“SUPERAÇÃO DA IMAGEM”
Por Miguel Fernandes
Surgem as primeiras palavras no ecrã. Com elas e nelas, vemos nós as primeiras imagens. Imagens-palavras – a canja aguada, a limonada, a água – e imagens concretas – o que se nos projeta; sôfregos olhares e descolares de retina; imagem de mais e êxtase de menos; malditos letreiros e figuras estranhas… Mas eis que o compasso descompassa, o som se dissipa, e sobra-nos apenas a música de Baccara e outras tantas imagens. E eis, enfim, Febre 40°, filme cujo principal mérito é, se assim podemos dizer, a superação da imagem; filme este que, aliás, como as mais belas músicas, está no ramo das “artes da excitação”, mas que, no entanto, consigo apenas descrever como um quadro.
Estas palavras, eu as escrevi – não tais quais[1] – na ocasião do Festival ECRÃ. Se eu as reescrevo e as subscrevo, é porque o adorável contato que tivemos com Natália Reis em nossa entrevista esclareceu algo que não me havia ocorrido e que uma conversa de uma hora e tantos foi capaz de suscitar.

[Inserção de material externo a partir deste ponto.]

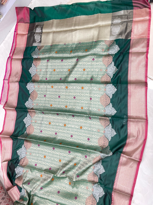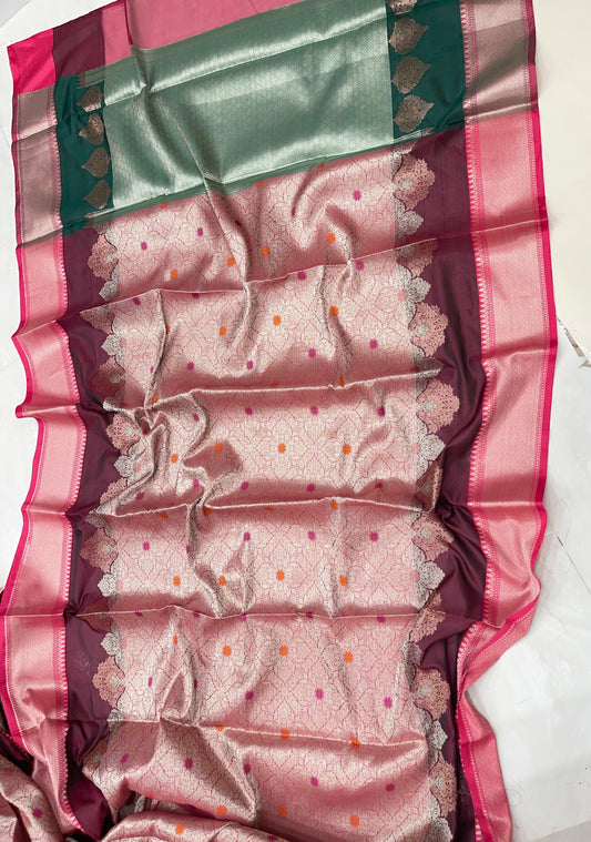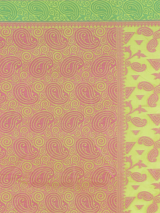 Faishana Presents Green Resham Zari Jaal Zari Banarasi Border With Paisley Pink Pallu And Pink Blouse

Disse ela, entre muitas outras coisas que o leitor poderá conferir, que a diferença que há entre a criação de Febre 40° e Lua em Câncer é a presença do texto, pois Febre, além de ser baseado num ensaio, se vale das palavras, dos letreiros, enquanto Lua é totalmente desprovido deles.

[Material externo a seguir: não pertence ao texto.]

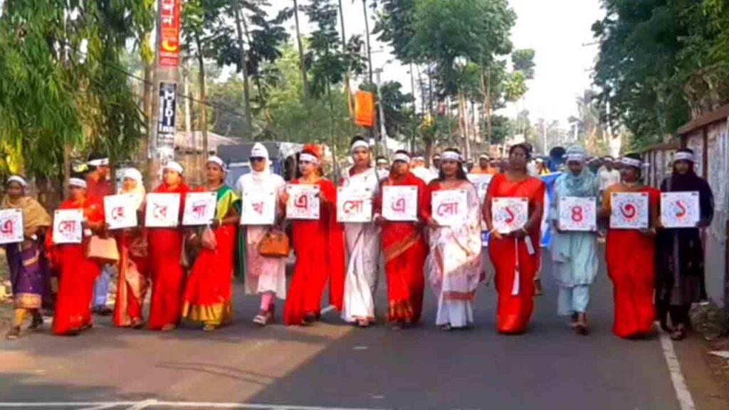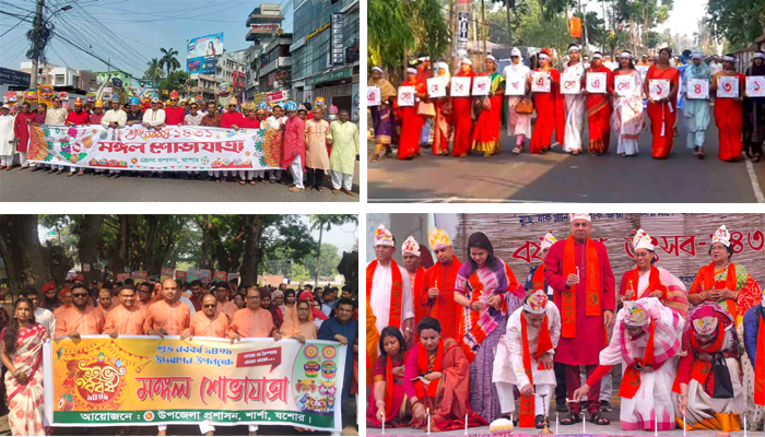 একইভাবে সাতক্ষীরার কালিগঞ্জ, শ্যামনগর, দেবহাটা, তালাসহ সব উপজেলার গ্রামে পাড়ায় অনুষ্ঠিত হয়েছে মঙ্গল শোভাযাত্রা।

O signo escrito (as palavras), no caso de Febre 40°, me parece representar incômodo, um contraponto à imagem “concreta”, do qual o filme se liberta para chegar ao estado de êxtase que poucos filmes conseguiram me instigar em apenas 7 minutos. Quanto a Lua em Câncer, foi este um trabalho em que, já liberta do texto, Natália, como nos disse, se permitiu, mais do que antes, à abstração; trabalho este em que o que nos toca é o puro movimento escorrendo pelas telas, o elã dos corpos, sem intermédio do signo, sem significação.
E é por isso que, embora carregue o signo de câncer no nome, o signo escrito pouco parece importar: a sua arte se dirige diretamente aos nossos sentidos mais primitivos, não exigindo de nós a operação de espírito que há em ler um texto, seja “prosaico” ou “poético”. Pois o homem ama observar o movimento puro e simples; pois a música encontra na sucessão de sons a expressão de um sentimento sem o intermédio do signo; e, se os filmes de Natália Reis são “entretenimento infantil” – como dito em seu Anúncio – e “musicais” – como disse a ela um amigo –, é porque eles se dirigem aos mais primitivos dos nossos sentidos, às mais primevas das nossas paixões.
[1] O texto foi consideravelmente editado, mas, com o acréscimo de uma coisa ou outra, a ideia que se apresenta é a mesma.